Splits an array into even and odd indexed elements
Returns:
- even_elements: Elements at even indices
- odd_elements: Elements at odd indices
"""
even_elements = array[::2]
odd_elements = array[1::2]
return even_elements, odd_elements
# Output ports: "even_elements" and "odd_elements"
3. Use Meaningful Return Variable Names
Choose return variable names that clearly indicate their purpose:
# ❌ Unclear
return x, delta
# ✅ Clear
final_value = x
convergence_delta = delta
return final_value, convergence_delta
# Output ports: "final_value" and "convergence_delta"
4. Test with Multiple Scenarios
Test higher-order nodes with various input nodes to ensure robustness:
def test_loop_until():
# Test with different initial values
# Test with different convergence criteria
# Test with maximum iterations reached
pass
Real-World Applications
1. Parameter Optimization
@as_function_node("optimized_parameters")
def optimize_parameters(
objective_function: Node,
initial_parameters: np.ndarray,
learning_rate: float = 0.01,
max_iterations: int = 100
) -> np.ndarray:
"""Optimizes parameters using gradient descent"""
params = initial_parameters.copy()
for i in range(max_iterations):
# Compute gradient by finite differences
gradients = np.zeros_like(params)
for j in range(len(params)):
params_plus = params.copy()
params_plus[j] += 1e-5
loss = objective_function(params)
loss_plus = objective_function(params_plus)
gradients[j] = (loss_plus - loss) / 1e-5
# Update parameters
params -= learning_rate * gradients
# Check convergence
if np.linalg.norm(gradients) < 1e-6:
break
return params # Output port will be "optimized_parameters"
# Usage
wf.objective = physics_model(parameters=initial_guess)
wf.optimized = optimize_parameters(
objective_function=wf.objective.outputs.loss, # Specify output port
initial_parameters=initial_guess
)
result = wf.optimized.outputs.optimized_parameters.value
2. Adaptive Mesh Refinement
@as_function_node("final_solution")
def adaptive_mesh_refinement(
simulation_node: Node,
error_estimator_node: Node,
refine_mesh_node: Node,
initial_mesh_size: float,
max_refinements: int = 5,
tolerance: float = 0.01
) -> float:
"""Refines mesh until solution converges"""
mesh = initial_mesh_size
for i in range(max_refinements):
# Run simulation on current mesh
solution = simulation_node(mesh=mesh)
# Estimate error
error = error_estimator_node(solution=solution, mesh_size=mesh)
# Check if we've converged
if error < tolerance:
return solution
# Refine mesh in high-error regions
mesh = refine_mesh_node(mesh_size=mesh, error=error)
return solution # Output port will be "final_solution"
# Usage
wf.simulation = fluid_dynamics_simulation(mesh_size=initial_size)
wf.error_estimator = error_calculator(solution=wf.simulation)

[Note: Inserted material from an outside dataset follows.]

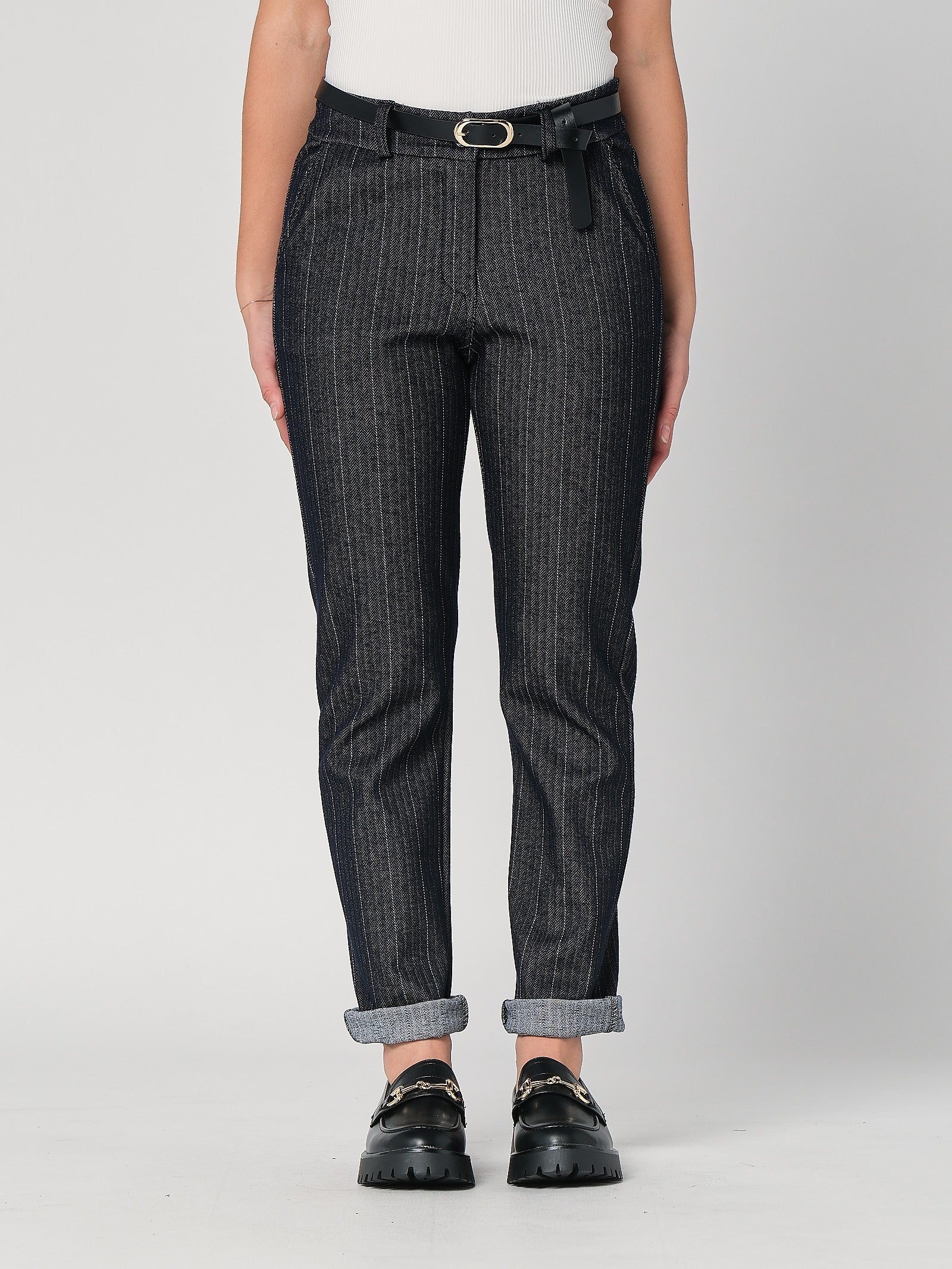Categoria: pantalone donna in chambray, fantasia a righe

wf.refine_mesh = mesh_refiner(mesh_size=initial_size, error=0.1)
wf.result = adaptive_mesh_refinement(
simulation_node=wf.simulation.outputs.solution, # Specify output ports
error_estimator_node=wf.error_estimator.outputs.error,
refine_mesh_node=wf.refine_mesh.outputs.refined_mesh,
initial_mesh_size=initial_size
)
solution = wf.result.outputs.final_solution.value
Conclusion
Higher-order nodes represent one of the most powerful features of Pyiron Workflow, enabling you to create sophisticated computational patterns that would be difficult or impossible with traditional workflow systems. By treating nodes as first-class objects that can be passed around and manipulated, Pyiron Workflow supports a truly functional approach to scientific computing.
When used appropriately, higher-order nodes can: - Reduce code duplication - Improve workflow readability - Enable more sophisticated computational patterns - Make your scientific workflows more adaptable and reusable
Critical Implementation Notes:
- Always specify exact output ports when connecting nodes (node.outputs.port_name)
- Be consistent with output port naming conventions
- Access results through the standard output structure (wf.node.outputs.port.value)
- Define all nodes at the module level (not inside functions)
As with any powerful feature, higher-order nodes should be used judiciously. Start with simple applications and gradually incorporate more complex patterns as you become comfortable with the paradigm. The ability to create dynamic, self-modifying workflows opens up new possibilities for scientific computing that go beyond traditional static workflow systems.